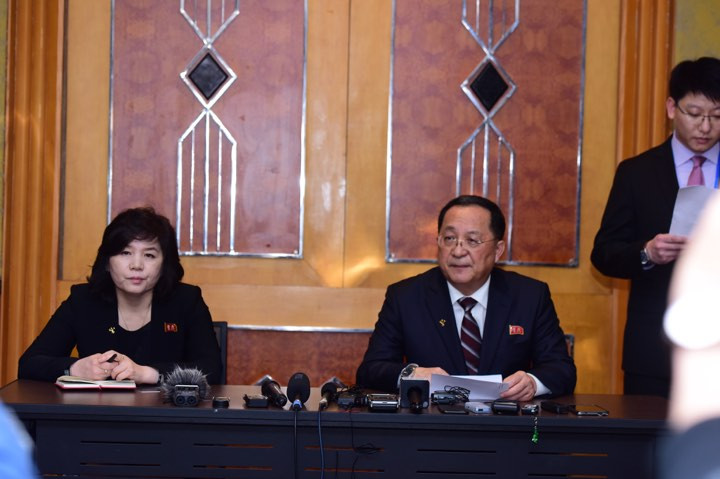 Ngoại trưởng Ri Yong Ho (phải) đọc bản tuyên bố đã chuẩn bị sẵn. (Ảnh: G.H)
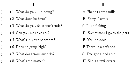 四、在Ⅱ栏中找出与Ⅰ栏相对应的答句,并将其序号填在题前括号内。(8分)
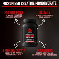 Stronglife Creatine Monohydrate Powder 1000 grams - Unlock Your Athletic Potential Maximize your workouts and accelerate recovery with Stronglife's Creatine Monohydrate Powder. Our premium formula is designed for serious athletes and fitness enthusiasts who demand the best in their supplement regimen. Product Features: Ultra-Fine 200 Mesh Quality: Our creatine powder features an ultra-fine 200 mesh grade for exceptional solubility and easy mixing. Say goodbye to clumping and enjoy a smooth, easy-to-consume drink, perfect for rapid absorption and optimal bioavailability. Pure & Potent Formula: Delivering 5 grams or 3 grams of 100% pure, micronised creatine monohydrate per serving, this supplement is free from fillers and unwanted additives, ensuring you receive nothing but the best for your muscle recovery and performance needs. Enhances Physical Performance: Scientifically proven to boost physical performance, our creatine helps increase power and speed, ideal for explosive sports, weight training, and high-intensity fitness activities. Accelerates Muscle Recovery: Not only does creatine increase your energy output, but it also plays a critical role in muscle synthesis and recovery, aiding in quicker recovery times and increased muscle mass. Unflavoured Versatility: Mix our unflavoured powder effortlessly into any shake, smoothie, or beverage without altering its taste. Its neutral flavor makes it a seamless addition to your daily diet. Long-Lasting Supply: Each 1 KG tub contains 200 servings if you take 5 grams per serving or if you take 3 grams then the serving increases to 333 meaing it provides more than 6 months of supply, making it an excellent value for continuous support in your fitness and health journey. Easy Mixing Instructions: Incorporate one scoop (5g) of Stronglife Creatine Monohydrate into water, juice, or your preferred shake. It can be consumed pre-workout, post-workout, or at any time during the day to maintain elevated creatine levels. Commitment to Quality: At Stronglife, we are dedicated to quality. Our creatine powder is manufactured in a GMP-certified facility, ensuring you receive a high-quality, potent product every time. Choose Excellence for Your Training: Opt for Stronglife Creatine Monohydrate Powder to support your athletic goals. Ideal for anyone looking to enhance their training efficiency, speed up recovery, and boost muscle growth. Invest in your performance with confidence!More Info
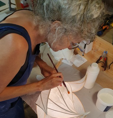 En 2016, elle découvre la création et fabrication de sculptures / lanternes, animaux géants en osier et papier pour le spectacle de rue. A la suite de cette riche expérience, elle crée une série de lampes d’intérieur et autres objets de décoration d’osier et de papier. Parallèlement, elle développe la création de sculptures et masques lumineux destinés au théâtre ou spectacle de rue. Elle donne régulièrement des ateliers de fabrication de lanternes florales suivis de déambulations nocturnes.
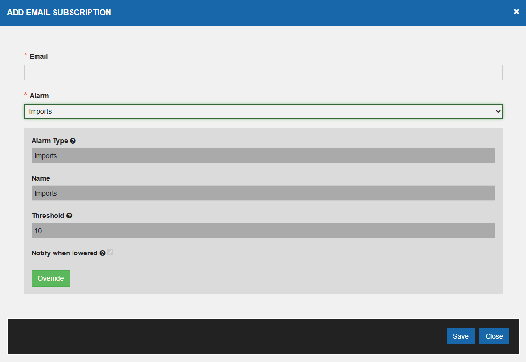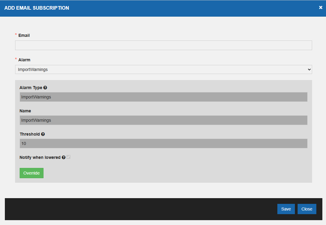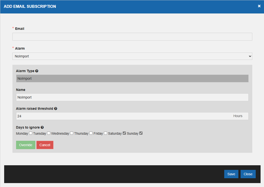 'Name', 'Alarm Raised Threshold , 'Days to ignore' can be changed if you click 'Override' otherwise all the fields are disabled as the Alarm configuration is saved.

===============

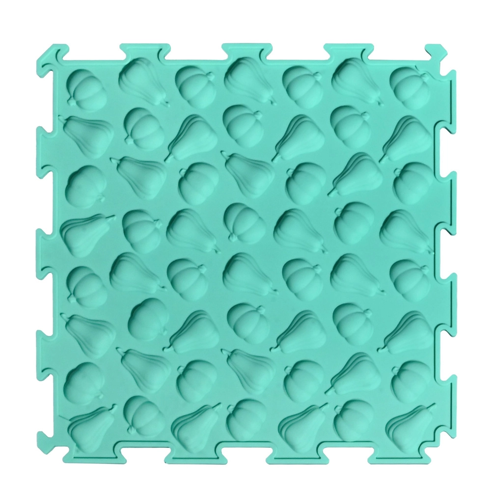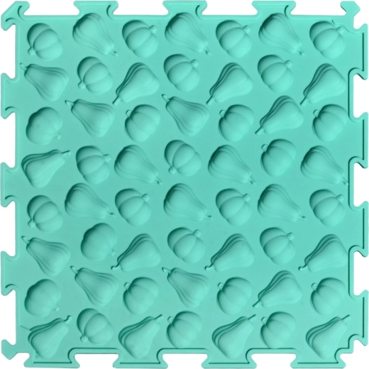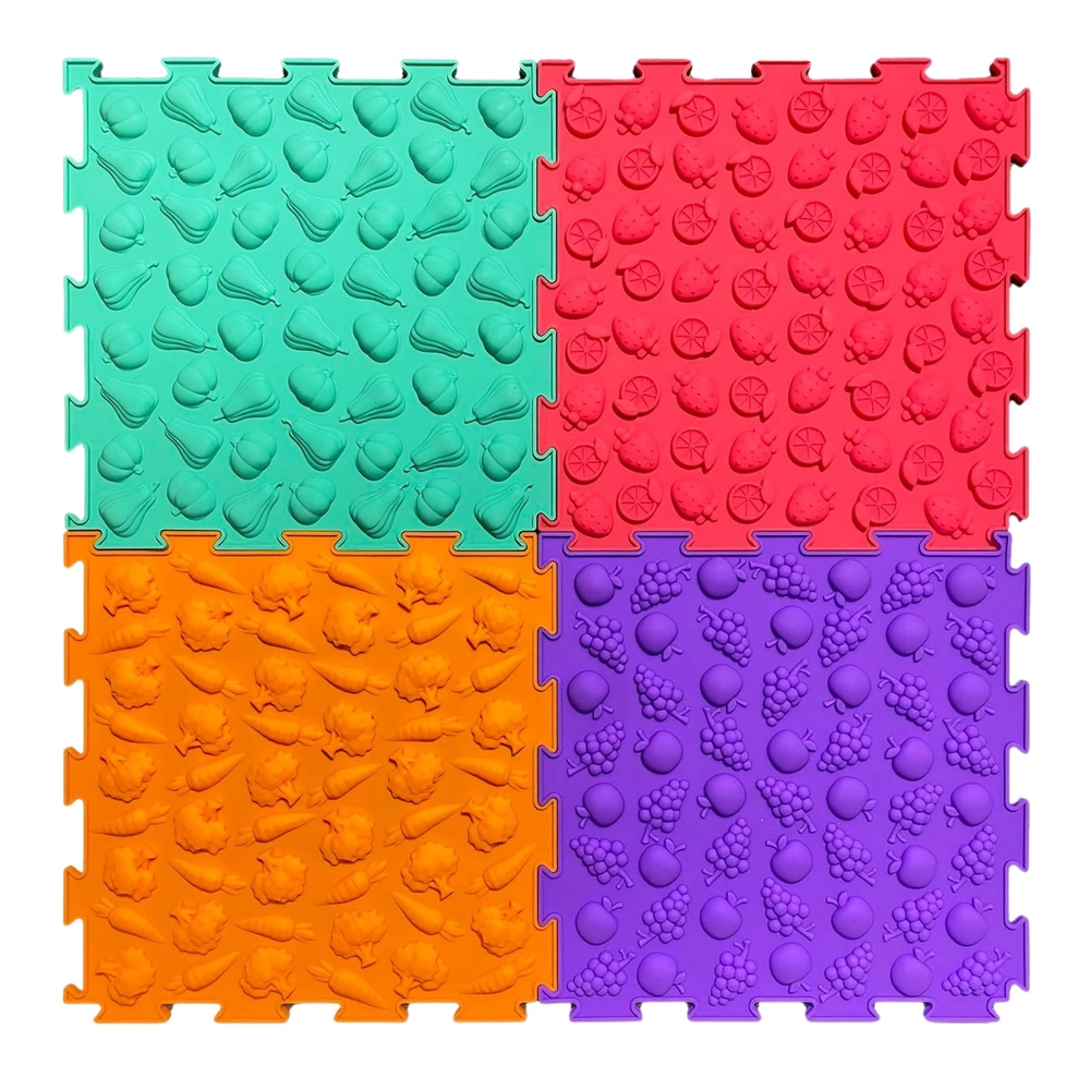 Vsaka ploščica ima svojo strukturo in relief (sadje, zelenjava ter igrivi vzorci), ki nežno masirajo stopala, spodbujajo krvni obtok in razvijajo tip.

===============

- [EXERCISE]: In the records above, find the line with "En 2016, elle". Print exactly from there through the line with "configuration is saved.", minus the pictures.

- [WORKED SOLUTION]:
 En 2016, elle découvre la création et fabrication de sculptures / lanternes, animaux géants en osier et papier pour le spectacle de rue. A la suite de cette riche expérience, elle crée une série de lampes d’intérieur et autres objets de décoration d’osier et de papier. Parallèlement, elle développe la création de sculptures et masques lumineux destinés au théâtre ou spectacle de rue. Elle donne régulièrement des ateliers de fabrication de lanternes florales suivis de déambulations nocturnes.
 'Name', 'Alarm Raised Threshold , 'Days to ignore' can be changed if you click 'Override' otherwise all the fields are disabled as the Alarm configuration is saved.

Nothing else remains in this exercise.